━━━━━ Available data

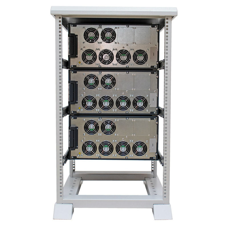 Стабилизаторы IS12000RT установлены в металлической двухрамной стойке высотой 18U, предназначенной для открытого и компактного размещения специализированной техники стандарта 19 дюймов. Также устройства могут устанавливаться вертикально на ровной горизонтальной поверхности с помощью специальных упоров. Все детали для крепления входят в комплект поставки устройства.
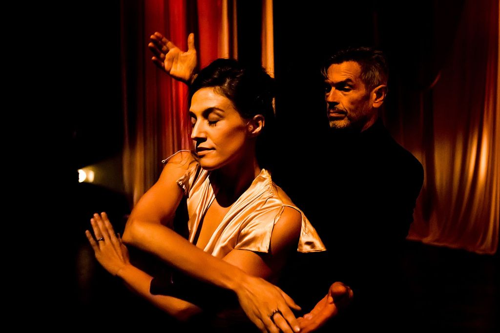 Strasbourg 1518 opens sedately enough. A crowd of people I advance hall moving slowly to gentle music through there are hints of Schubert’s “Death and the Maiden. This serenity is soon interrupted by a couple – Death (Michael Parmenter) and The Maiden (Lucy Marinkovich) dancing a more elabiorate ballroom dance duo. They whirl about the stage energetically, a mix of Dancing with the Stars and musical, Ginger Rogers and Fred Astaire meets Margot Fonteyn and Rudolph Nureyev.
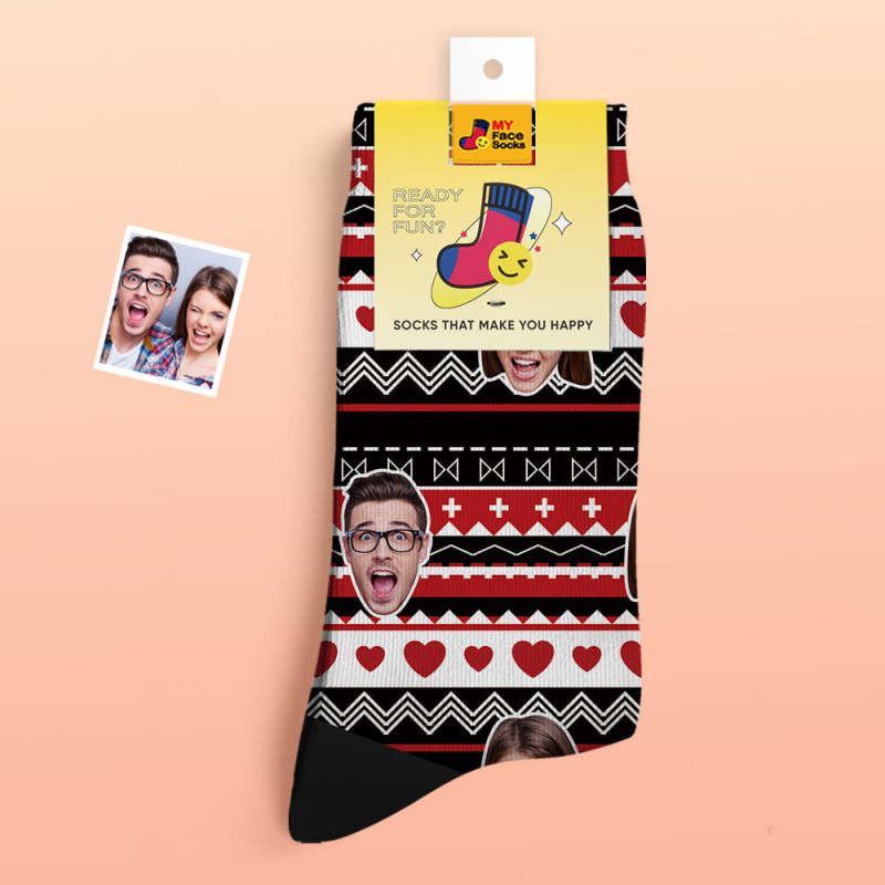 Custom Thick Photo Socks Valentine's Day Gifts Warm Socks Heart Funny Face Socks
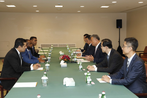 当地时间2025年9月25日,外交部副部长苗得雨在纽约应约会见特立尼达和多巴哥外交和加共体事务部长索伯斯。

━━━━━━━━━━

| Action item |
Before handing back the copy, remove the pictures; otherwise print the data exactly.

| Solution to this problem |
 Стабилизаторы IS12000RT установлены в металлической двухрамной стойке высотой 18U, предназначенной для открытого и компактного размещения специализированной техники стандарта 19 дюймов. Также устройства могут устанавливаться вертикально на ровной горизонтальной поверхности с помощью специальных упоров. Все детали для крепления входят в комплект поставки устройства.
 Strasbourg 1518 opens sedately enough. A crowd of people I advance hall moving slowly to gentle music through there are hints of Schubert’s “Death and the Maiden. This serenity is soon interrupted by a couple – Death (Michael Parmenter) and The Maiden (Lucy Marinkovich) dancing a more elabiorate ballroom dance duo. They whirl about the stage energetically, a mix of Dancing with the Stars and musical, Ginger Rogers and Fred Astaire meets Margot Fonteyn and Rudolph Nureyev.
 Custom Thick Photo Socks Valentine's Day Gifts Warm Socks Heart Funny Face Socks
 当地时间2025年9月25日,外交部副部长苗得雨在纽约应约会见特立尼达和多巴哥外交和加共体事务部长索伯斯。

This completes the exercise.